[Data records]
◇ ◇ ◇ ◇

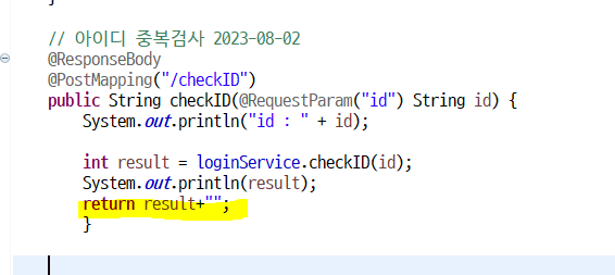 ( id값을 db값과 비교해서 일치하는 값의 count를 가져올거라 result 타입은 int)
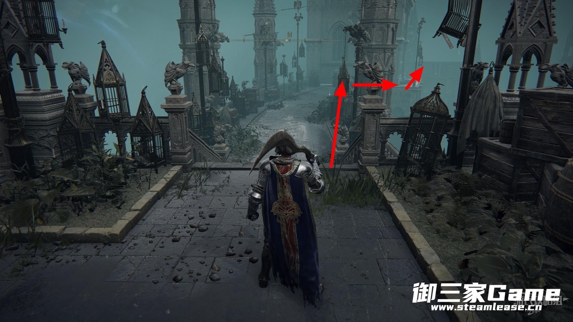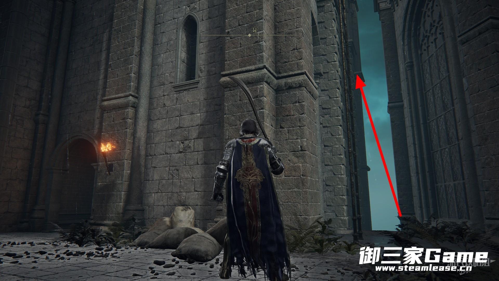 在三层平台左侧跳至下方后前进,在最前方左转。
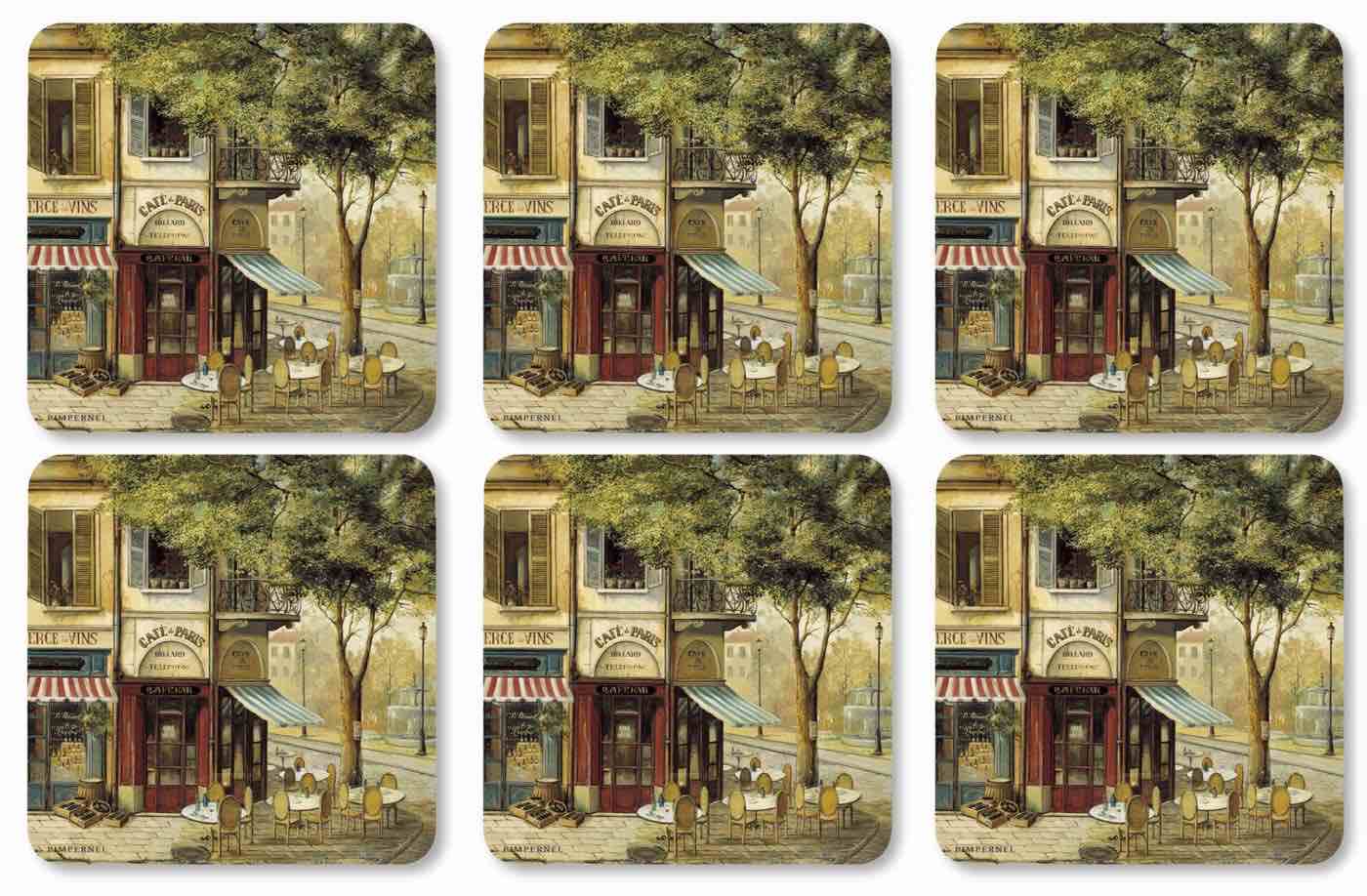 Glasunderlägg Parisian Scenes 6-pack – dröm dig bort till Paris med vacker design. Slitstarka underlägg med korkbas och skyddande yta.
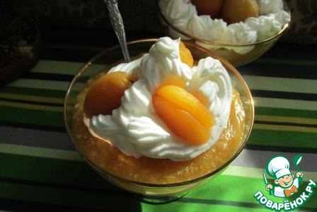 Вот теперь перекладываем кисель в креманки, украшаем фаршированной курагой. Можно ещё добавить легкие сливки.
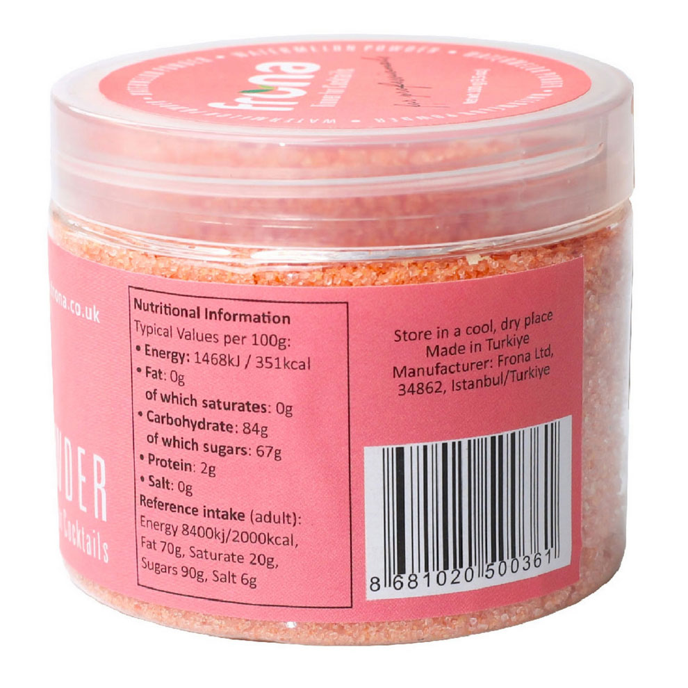 Cocktailrimmer vandmelon 100 gram er ideel til cocktails, mocktails, limonader eller kulinariske dekorationer. Giv dine drinks og kulinariske kreationer et forfriskende twist med cocktailrimmer vandmelon!
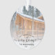 Commemorate your first Christmas in your new home with this beautiful modern keepsake ornament. The black text reads "First Christmas in our new home," with the words "new home" in elegant handwriting script with flourishes before and after. Replace the sample image with a photo of your new house and add your family's last name. A white gradient filter helps make the text pop.
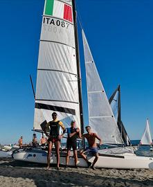 Dispone di 2 rande efficienti, la parte alta con colori bandiera italiana e numero 87, una randa più usata e riparata; 3 fiocchi e
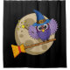 Cartoon Wizard Owl Flying on Broom Shower Curtain
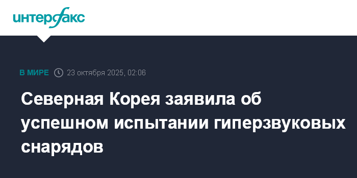 Москва. 23 октября. INTERFAX.RU - Главное управление ракетостроения КНДР накануне утром успешно провело запуск "важного вооружения" - двух гиперзвуковых снарядов, сообщает ЦТАК.
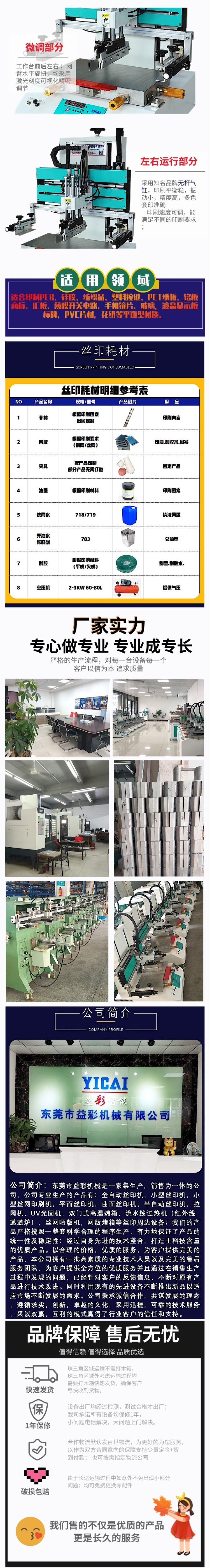 簡要描述 1.此款小型絲印機,做工精細,實用性強,性價比高; 2.微電腦控制系統(tǒng),自動化程度高,操作簡單,容易上手; 3.綜合性微調(diào)裝置,適應(yīng)不同的印刷需求 Application: Be applied to the flat printing for glass CD, nameplate, stickers, credit card Ceramic colored paper, wooden toy puzzles and membrane switches in electronic industry. It is also applicable to the flat printing such as golden and silver cardboard metal sheet, and other products with the material of Pvc, which have high requirement in overprinting
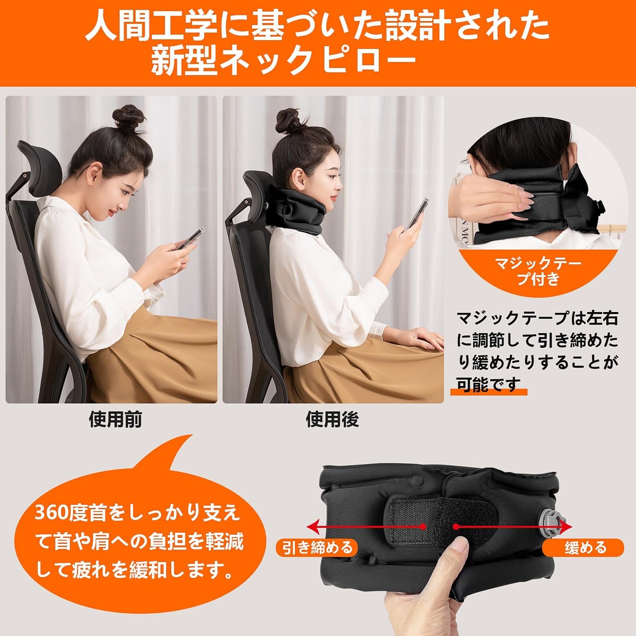 【エアー首枕&ネックサポート】長さ60cm幅15cmのサイズで人体工学デザインを利用して、エアー首枕を使って頭の揺れを抑え、首の痛みを緩和して支持性が良いです。個人の首まわりに合わせてエアー首枕のマジックテープの長さを自由に調節して360度全方位でネックサポートできて心地よい眠りを実現できるネックピローです。
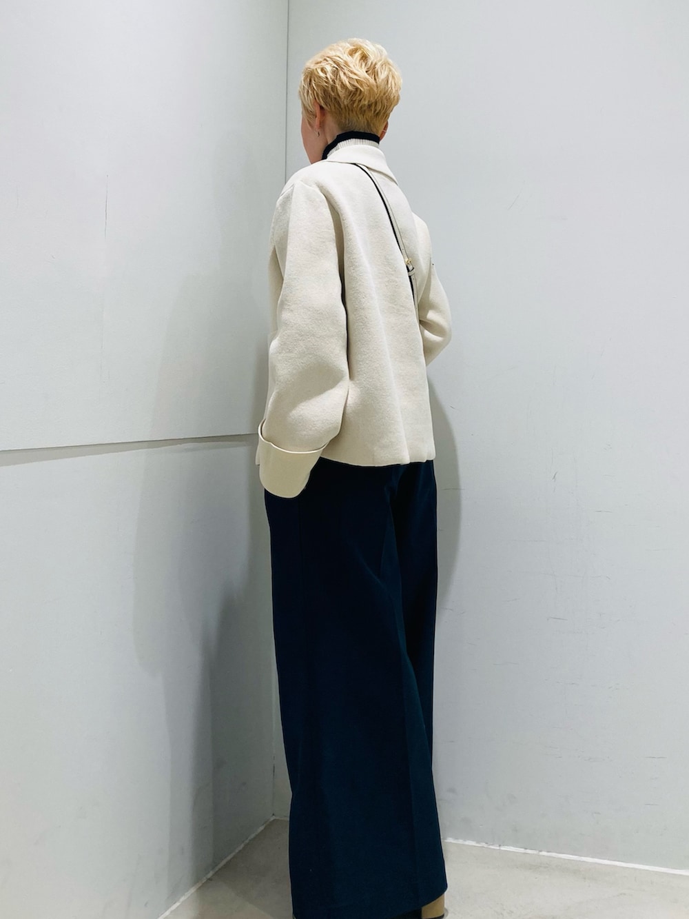 大きなボタンがポイントのニットジャケット、張りのある素材でシルエットがきれいです!短めの丈感は、ボトムとの相性良くスタイルアップしてくれます👍

◇ ◇ ◇ ◇

Your copy of the entries must be exact and must contain no pictures.

→ **Answer area**
 ( id값을 db값과 비교해서 일치하는 값의 count를 가져올거라 result 타입은 int)
 在三层平台左侧跳至下方后前进,在最前方左转。
 Glasunderlägg Parisian Scenes 6-pack – dröm dig bort till Paris med vacker design. Slitstarka underlägg med korkbas och skyddande yta.
 Вот теперь перекладываем кисель в креманки, украшаем фаршированной курагой. Можно ещё добавить легкие сливки.
 Cocktailrimmer vandmelon 100 gram er ideel til cocktails, mocktails, limonader eller kulinariske dekorationer. Giv dine drinks og kulinariske kreationer et forfriskende twist med cocktailrimmer vandmelon!
 Commemorate your first Christmas in your new home with this beautiful modern keepsake ornament. The black text reads "First Christmas in our new home," with the words "new home" in elegant handwriting script with flourishes before and after. Replace the sample image with a photo of your new house and add your family's last name. A white gradient filter helps make the text pop.
 Dispone di 2 rande efficienti, la parte alta con colori bandiera italiana e numero 87, una randa più usata e riparata; 3 fiocchi e
 Cartoon Wizard Owl Flying on Broom Shower Curtain
 Москва. 23 октября. INTERFAX.RU - Главное управление ракетостроения КНДР накануне утром успешно провело запуск "важного вооружения" - двух гиперзвуковых снарядов, сообщает ЦТАК.
 簡要描述 1.此款小型絲印機,做工精細,實用性強,性價比高; 2.微電腦控制系統(tǒng),自動化程度高,操作簡單,容易上手; 3.綜合性微調(diào)裝置,適應(yīng)不同的印刷需求 Application: Be applied to the flat printing for glass CD, nameplate, stickers, credit card Ceramic colored paper, wooden toy puzzles and membrane switches in electronic industry. It is also applicable to the flat printing such as golden and silver cardboard metal sheet, and other products with the material of Pvc, which have high requirement in overprinting
 【エアー首枕&ネックサポート】長さ60cm幅15cmのサイズで人体工学デザインを利用して、エアー首枕を使って頭の揺れを抑え、首の痛みを緩和して支持性が良いです。個人の首まわりに合わせてエアー首枕のマジックテープの長さを自由に調節して360度全方位でネックサポートできて心地よい眠りを実現できるネックピローです。
 大きなボタンがポイントのニットジャケット、張りのある素材でシルエットがきれいです!短めの丈感は、ボトムとの相性良くスタイルアップしてくれます👍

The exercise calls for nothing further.